During the search and exploitation transition phase, the escape energy of the prey is used to determine whether to enter the exploration phase or the exploitation phase.

$$E=2E_0\left(1-\frac{t}{T}\right)$$ (3)

Where E₀ is the initial energy of the prey, a random number between -1 and 1 that is updated with each round of computation. Harris Hawk was in the search phase when |E|≥1 and in the development phase when |E|<1.

During the development phase, r is a random number between 0 and 1 that determines which development strategy to execute. When 0.5≤|E|<1 and r≥0.5, the position update method is soft siege. This behavior can be modeled as follows.

$$X\left(t+1\right)=\Delta X\left(t\right)-E\left|J{X}_{rabbit}\left(t\right)-X\left(t\right)\right|$$ (4)

$$\Delta X\left(t\right)=X_{rabbit}\left(t\right)-X\left(t\right)$$ (5)

Where ΔX(t) represents the difference between the position vector of the rabbit and the current location in iteration t, J is the random number between 0 and 2.

When |E|<0.5 and r≥0.5, the position update mode is hard siege. This behavior can be modeled as follows.

$$X\left(t+1\right)=X_{rabbit}\left(t\right)-E\left|\Delta X\left(t\right)\right|$$ (6)

When 0.5≤|E|<1 and r<0.5, the position update mode is soft encircle with asymptotic fast dive.
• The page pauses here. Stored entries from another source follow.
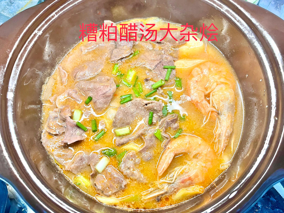 cocowang79 做过 2024年02月24日 糟粕醋汤大杂烩食材:虾/牛肉/青菜/豆腐/洋葱配料:糟粕醋调料(买现成的)可以自制,我懒做法糟粕醋调味料加水调制,按个人口味,我怕辣用的不多,喜欢辣的用的多也够辣吧,我自己加了点糖,然后把食材按易熟快慢,慢的先放,煮开就好拉~祝大家用餐愉快! 2024-02-24
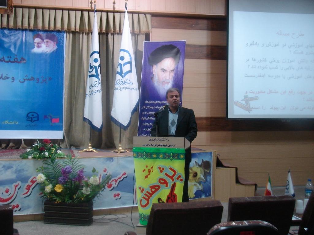 جلسه گرامیداشت هفته پژوهش درپردیس شهید باهنر دانشگاه فرهنگیان خراسان جنوبی درسومین روز از این هفته دوشنبه25 آذر، که به عنوان روز مرجعیت علمی، اقتدار علمی است از ساعت 9 الی 11صبح در سالن اجتماعات این پردیس برگزارشد . این جلسه با مشارکت دوپردیس خواهران وبرادران دانشگاه فرهنگیان استان و با حضور اساتید ، مسئولین ودانشجومعلمان پردیسهای ، شهید باهنر(برادران) وخواهران امام سجاد (ع) خراسان جنوبی برگزار گردید. سخنران این جلسه استاد ایرج مهدی زاده از محققیق وپژوهشگران کشوری واستانی وعضو هیئت علمی پردیس شهید باهنر ابتدا هفته پژوهش و فناوری را با توجه به شعار اساسی هفته پژوهش«پژوهش و خلاقیت، کلید تحول در تربیت»به همه دانش پژوهان ، نخبگان ومحققان بویژه همکاران گران قدر و دانشجو معلمان تلاشگر در دانشگاه فرهنگیان تبریک گفته و از خداوند، توفیق خدمت به این جمع مؤثر در عرصه ی تربیت را طلب کردندودر ادامه فرمودند: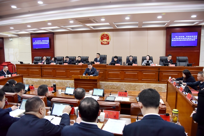 (图为区三届人大常委会二十五次会议上听取和审议区人民法院落实审议意见情况的报告)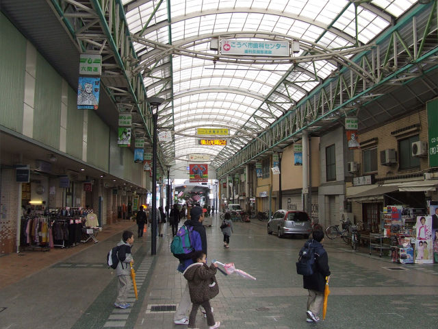 スタンプラリーも実施されており、対象となる商店街には登場人物のバナーが。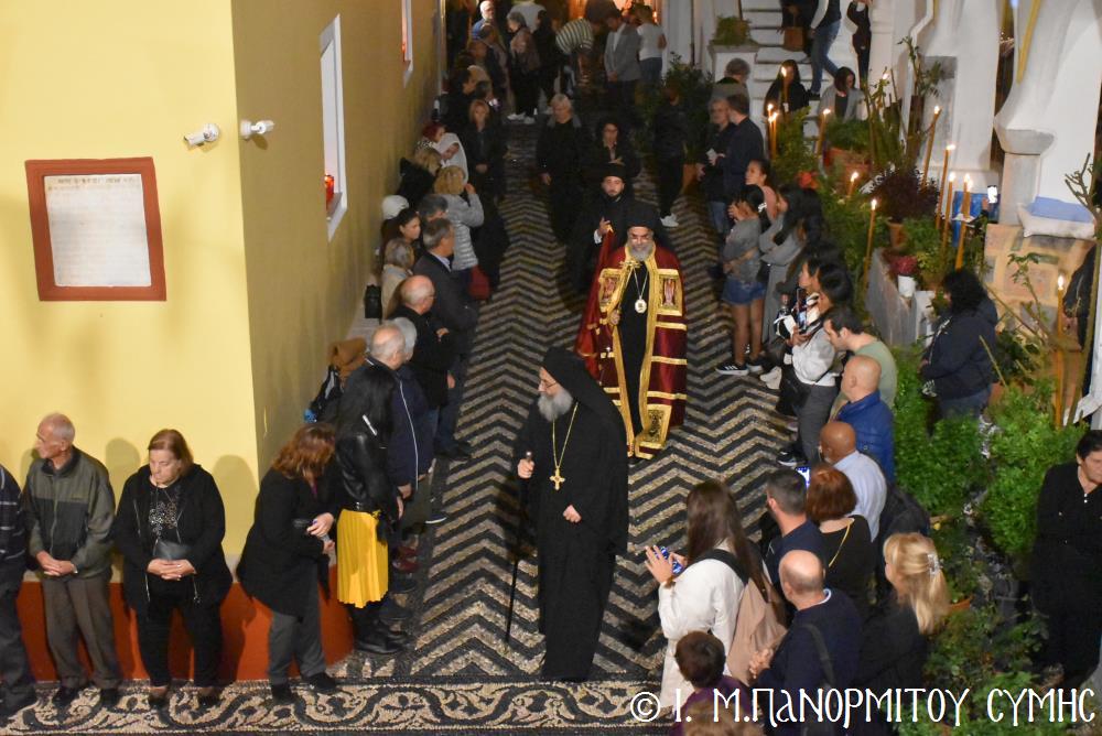Το απόγευμα της παραμονής, ο Σεβασμιώτατος Μητροπολίτης Σύμης κ. Χρυσόστομος χοροστάτησε στον Μέγα Πανηγυρικό Εσπερινό, πλαισιωμένος από τον Καθηγούμενο της Μονής Ιβήρων του Αγίου Όρους, αρχιμανδρίτη π. Ναθαναήλ, και πλήθος ιερέων από όλη την Ελλάδα. Ιδιαίτερη συγκίνηση προκάλεσε η παρουσία του Εψηφισμένου Επισκόπου Ροδοστόλου κ. Αντωνίου, ο οποίος συμπροσευχήθηκε εντός του ιερού Βήματος.

This behavior can be modeled as follows.

$$Y=X_{rabbit}\left(t\right)-E\left|J{X}_{rabbit}\left(t\right)-X\left(t\right)\right|$$ (7)

$$Z=Y+S\times LF\left(D\right)$$ (8)

$$X\left(t+1\right)=\{\begin{array}{l}Y,f\left(Y\right)<f\left(X\left(t\right)\right)\\ Z,f\left(Z\right)<f\left(X\left(t\right)\right)\end{array}$$ (9)

Where, f() is the fitness function, D is the problem dimension, S is a D-dimensional random vector, LF is a Levy function.

When |E|<0.5 and r<0.5, the position update mode is hard encircling with asymptotic fast dive. This behavior can be modeled as follows.

$$X\left(t+1\right)=\{\begin{array}{l}Y,f\left(Y\right)<f\left(X\left(t\right)\right)\\ Z,f\left(Z\right)<f\left(X\left(t\right)\right)\end{array}$$ (10)

$$Y=X_{rabbit}\left(t\right)-E\left|J{X}_{rabbit}\left(t\right)-X_m\left(t\right)\right|$$ (11)

$$Z=Y+S\times LF\left(D\right)$$ (12)

The specific experimental steps are shown in Figure 2.

Figure 2. Flow chart of parameter optimization.

RESULTS

Data Set

A total of 970 cases meeting the screening criteria were included in this study. These patients were divided into 4 TCM syndrome types, including 592 cases of Qi and Yin deficiency syndrome, 113 cases of liver and stomach depression heat syndrome, 103 cases of gastrointestinal damp-heat syndrome, 162 cases of Yin and Yang deficiency syndrome, which are consistent with clinical distribution patterns. The frequency of standardized TCM symptoms was analyzed, and there were 75 symptoms with a frequency higher than 8. Twenty-nine typical TCM symptoms with a frequency higher than 10% are shown in Table 1. The most frequent TCM symptom is blurred vision.

Table 1. Distribution of typical TCM symptoms in DR patients.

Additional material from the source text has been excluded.